■ DIRECTIONS FOR THIS TASK: Reproduce, exactly and in full, the lines from the one with "Ein Austausch der" through the one with "49 % Milchschokolade" in the data below; drop pictures.

--- DATA FOR THE TASK Enclosed Below ---

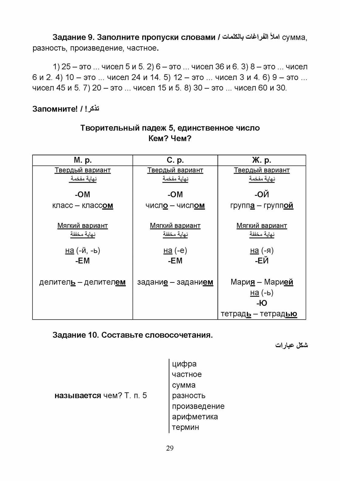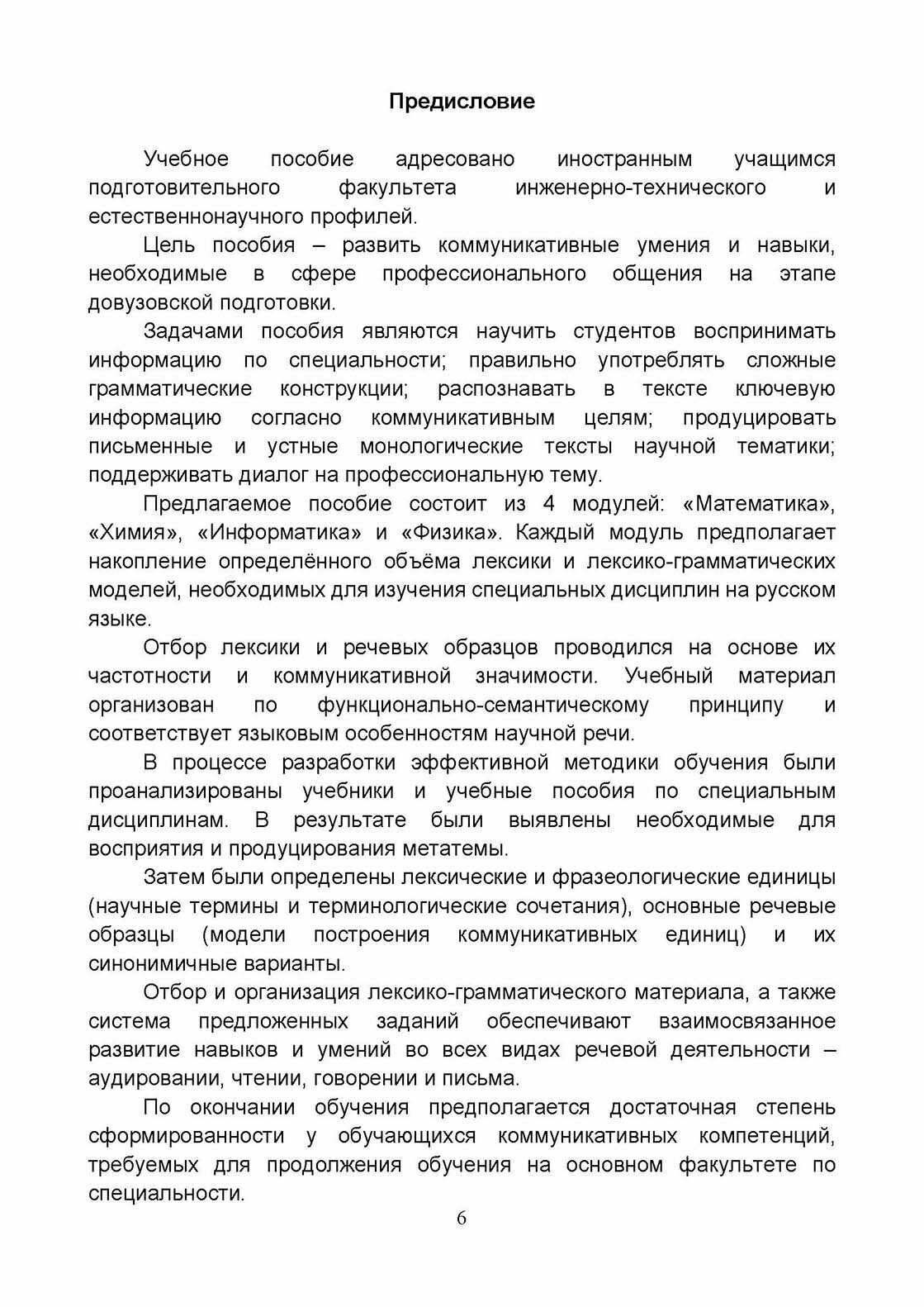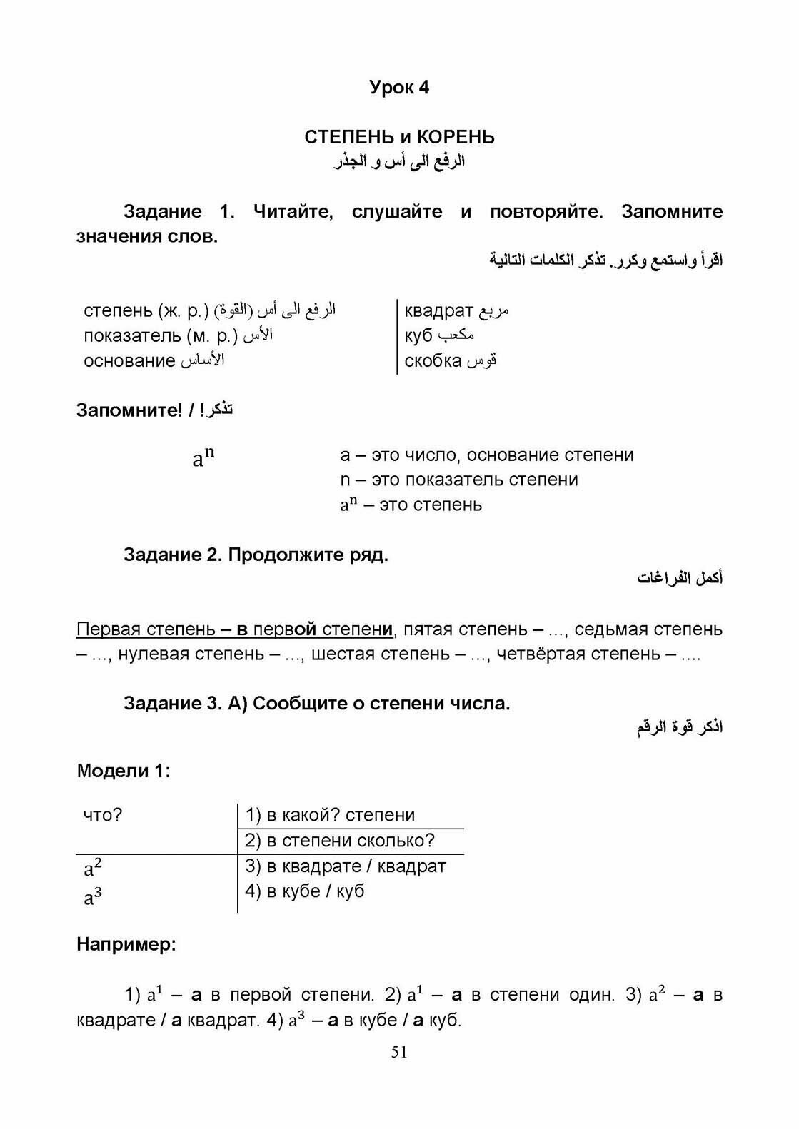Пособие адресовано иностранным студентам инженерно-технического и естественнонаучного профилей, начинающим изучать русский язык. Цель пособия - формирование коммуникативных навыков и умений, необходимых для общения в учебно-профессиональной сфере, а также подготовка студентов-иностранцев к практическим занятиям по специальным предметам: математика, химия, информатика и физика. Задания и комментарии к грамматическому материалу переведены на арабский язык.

--- End of Enclosed DATA FOR THE TASK ---
--- DATA FOR THE TASK Enclosed Below ---

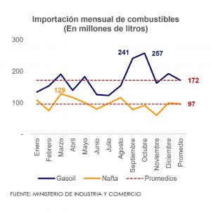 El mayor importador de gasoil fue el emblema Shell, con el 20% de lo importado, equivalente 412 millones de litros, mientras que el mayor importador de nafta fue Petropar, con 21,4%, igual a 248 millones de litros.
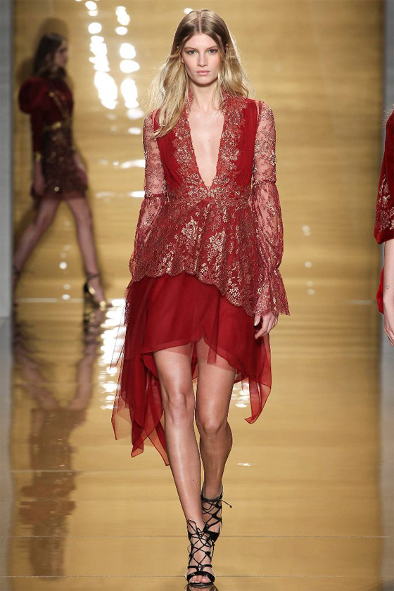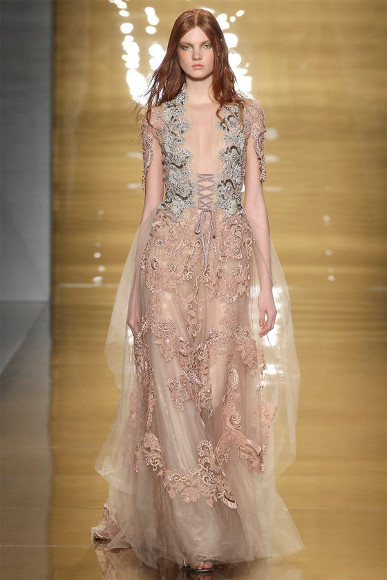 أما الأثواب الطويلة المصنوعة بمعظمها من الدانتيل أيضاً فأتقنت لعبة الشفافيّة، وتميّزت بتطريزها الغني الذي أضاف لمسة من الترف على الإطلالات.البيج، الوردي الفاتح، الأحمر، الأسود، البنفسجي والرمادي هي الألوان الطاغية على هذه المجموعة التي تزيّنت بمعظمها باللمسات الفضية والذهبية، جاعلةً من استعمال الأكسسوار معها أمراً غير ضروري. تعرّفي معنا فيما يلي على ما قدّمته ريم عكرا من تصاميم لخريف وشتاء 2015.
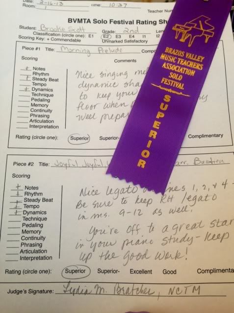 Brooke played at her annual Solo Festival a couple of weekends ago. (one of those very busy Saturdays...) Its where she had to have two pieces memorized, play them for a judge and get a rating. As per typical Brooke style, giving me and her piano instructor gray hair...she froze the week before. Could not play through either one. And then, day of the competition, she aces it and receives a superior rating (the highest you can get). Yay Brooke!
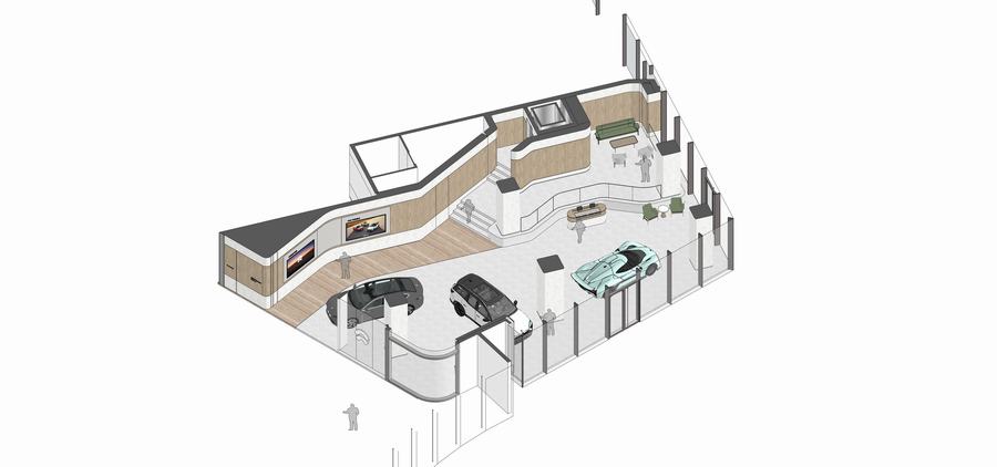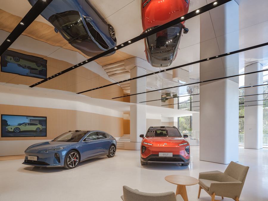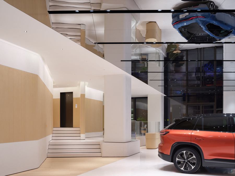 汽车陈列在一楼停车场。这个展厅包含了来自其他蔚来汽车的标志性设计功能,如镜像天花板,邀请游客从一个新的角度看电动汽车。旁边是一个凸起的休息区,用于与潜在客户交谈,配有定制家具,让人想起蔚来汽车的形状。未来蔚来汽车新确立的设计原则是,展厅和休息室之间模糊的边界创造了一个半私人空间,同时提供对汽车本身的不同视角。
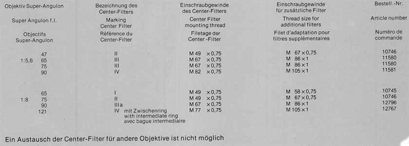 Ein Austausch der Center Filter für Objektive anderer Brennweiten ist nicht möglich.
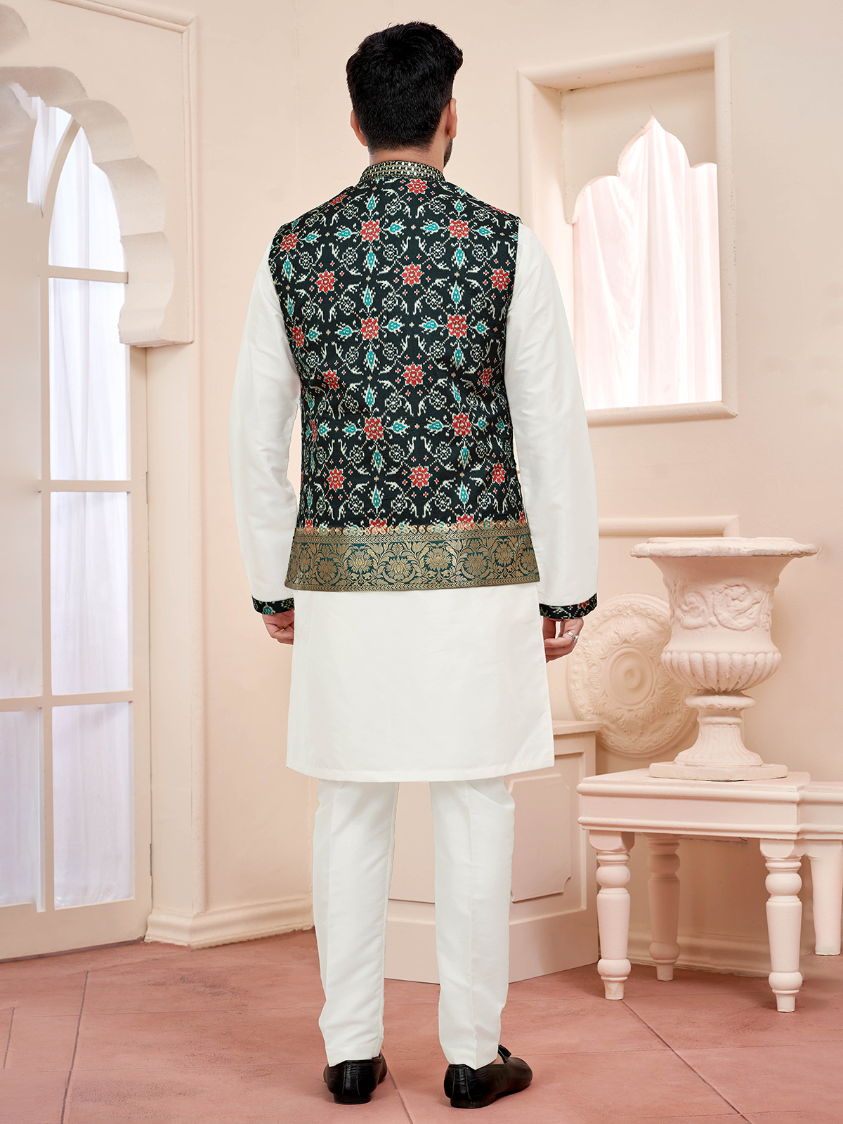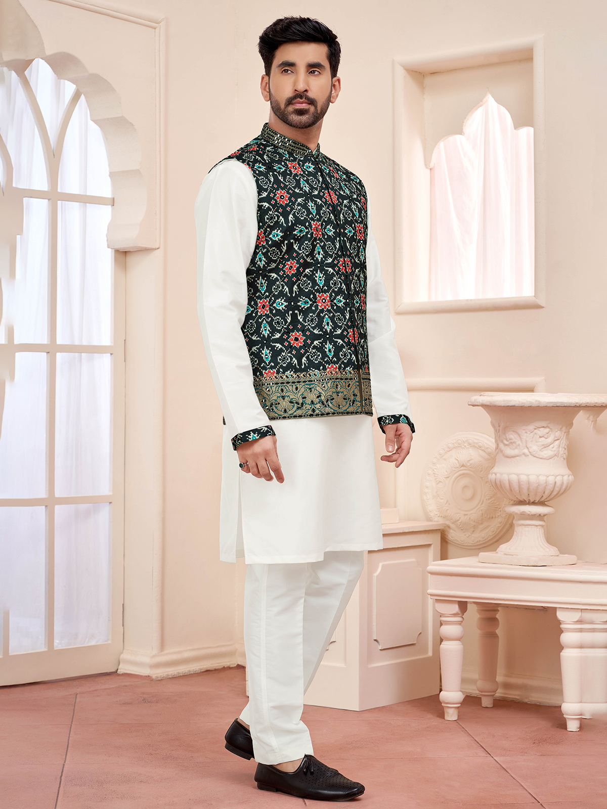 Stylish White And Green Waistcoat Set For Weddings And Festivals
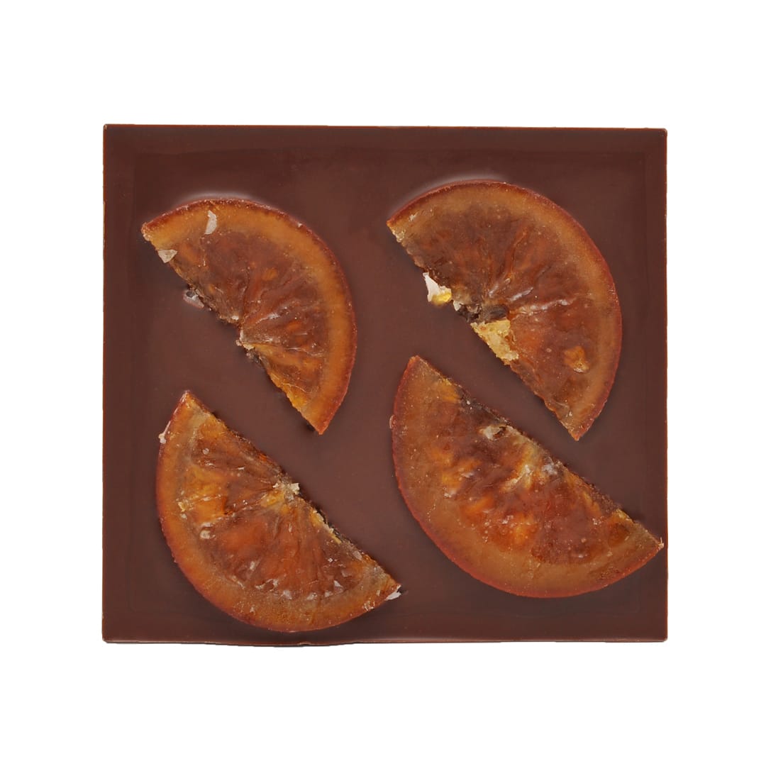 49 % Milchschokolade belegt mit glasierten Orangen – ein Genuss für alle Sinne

--- End of Enclosed DATA FOR THE TASK ---

■ EXPECTED OUTPUT:
 Ein Austausch der Center Filter für Objektive anderer Brennweiten ist nicht möglich.
 Stylish White And Green Waistcoat Set For Weddings And Festivals
 49 % Milchschokolade belegt mit glasierten Orangen – ein Genuss für alle Sinne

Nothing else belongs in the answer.